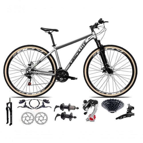 Bicicleta Aro 29 Absolute Nero 5 Câmbios Shimano 24v K7 Freios Hidráulicos Garfo Trava Com Pneu Faixa - Cinza
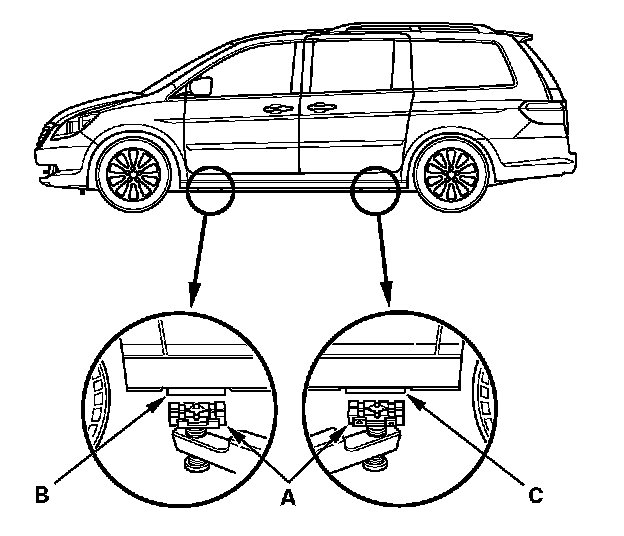 1. Position the hoist lift blocks (A), on safety stands, under the vehicle's front support points (B) and rear support points (C).
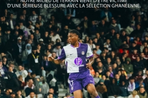 与日本友谊赛重伤离场,图卢兹祝福加纳国脚阿布:我们将与你同在

[Requirement]:
Restate the listing above word for word. Leave the images out.

[Output below]:
 Bicicleta Aro 29 Absolute Nero 5 Câmbios Shimano 24v K7 Freios Hidráulicos Garfo Trava Com Pneu Faixa - Cinza
 1. Position the hoist lift blocks (A), on safety stands, under the vehicle's front support points (B) and rear support points (C).
 与日本友谊赛重伤离场,图卢兹祝福加纳国脚阿布:我们将与你同在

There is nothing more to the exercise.